Há, sim, manifestações neonazistas no Rio Grande do Sul, mas exagerar o fenômeno é prejudicial para todo o estado.

 

 

 

 

            Há momentos em que notícias sobre fatos se adensam. Vivemos um momento desses em relação à intolerância, no Rio Grande do Sul. Refiro-me àquilo que atende pelo nome de “neonazismo”. Em meados deste ano, serão julgados jovens acusados de, em 2005, terem dado vazão à sua personalidade intolerante, em Porto Alegre, atacando três outros jovens judeus. Um deles sofreu ferimentos graves.

            Talvez pela aproximação do julgamento, proliferaram, nas últimas semanas, notícias sobre “neonazismo” em nosso estado. Em 6 de abril, o jornal O Globo apresentou em seu portal online uma manchete impactante: “Proliferação de grupos neonazistas aterroriza Sul”. E no dia 22 de abril, Zero Hora publicou matéria sobre pesquisa de Adriana Abreu Magalhães Dias, segundo a qual “RS é o segundo que mais baixa material neonazista” da Internet. A reação a tais notícias, no senso comum, pode ser vista em comentários deixados nos portais: “Sul? Quer saber de desgraças, só ir ou ler notícias de lá”; “o sul do Brasil, de um modo geral, está gerando um caus [sic] para o país”. Ou seja, o Rio Grande do Sul, que sempre foi visto com certa desconfiança por uma parte da população do restante do país, piorou sua má fama.

            A pergunta que se impõe é se a presença “neonazista” – e a má fama que traz ao estado – é verdadeira ou não. Indiscutível é o fato de que aqui existe “neonazismo” – os rapazes judeus foram atacados, um segurança negro do TRENSURB foi agredido, e ocorreram outros episódios violentos com conotação racista e preconceituosa – enfim atos de intolerância. A necessidade de repressão não se discute.

            Mas em um olhar atento às próprias notícias e às pessoas que serviram de fonte, aparecem indícios que, no mínimo, sugerem a necessidade de nuançar as dimensões do “perigo neonazista”. Tomemos a matéria de O Globo. Segundo ela, seriam 500 os “neonazistas” fichados por autoridades gaúchas a aterrorizar o estado. Acontece que a autoridade que forneceu essa informação há anos vem insistindo que fichou, ao todo, “entre 30 e 40” malfeitores, e, meses atrás, em declaração pública, fixou esse número em exatos 35.

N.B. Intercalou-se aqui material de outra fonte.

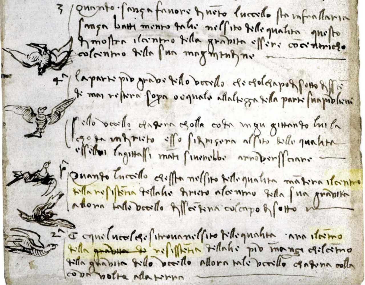 A reflected cutout from Leonardo da Vinci’s Codice sul volo degli uccelli. The concept ilcentro della resistentia is highlighted. The restored manuscript is stored in the Biblioteca Reale di Torino.

            Não se sabe se o jornalista errou, ou se, da noite para o dia, cada um dos rapazes se multiplicou, milagrosamente, por 15. Em qualquer dos casos, uma análise ponderada nos diz que nosso Estado Democrático de Direito deveria possuir capacidade policial e organização judiciária para lidar com 500 meninos (todos abaixo de 30 anos!) – e ainda mais com 35 –, sem necessidade de alarmar o mundo com o suposto terror anunciado no título da matéria.

            Quanto à notícia de Zero Hora sobre a intensidade da navegação em sites “neonazistas” a partir do território gaúcho, uma primeira observação a ser feita é que dela foram derivadas ilações sobre o número efetivo de comprometidos. O jornal informa que a autora da pesquisa estabeleceu esse número em 42 mil. Ela diz utilizar uma metodologia de pesquisa que poucas pessoas dominam. Mas mesmo como leigos, certamente não está errado perguntar se o acesso a um site constitui indicador seguro de que o navegador é “neonazista”.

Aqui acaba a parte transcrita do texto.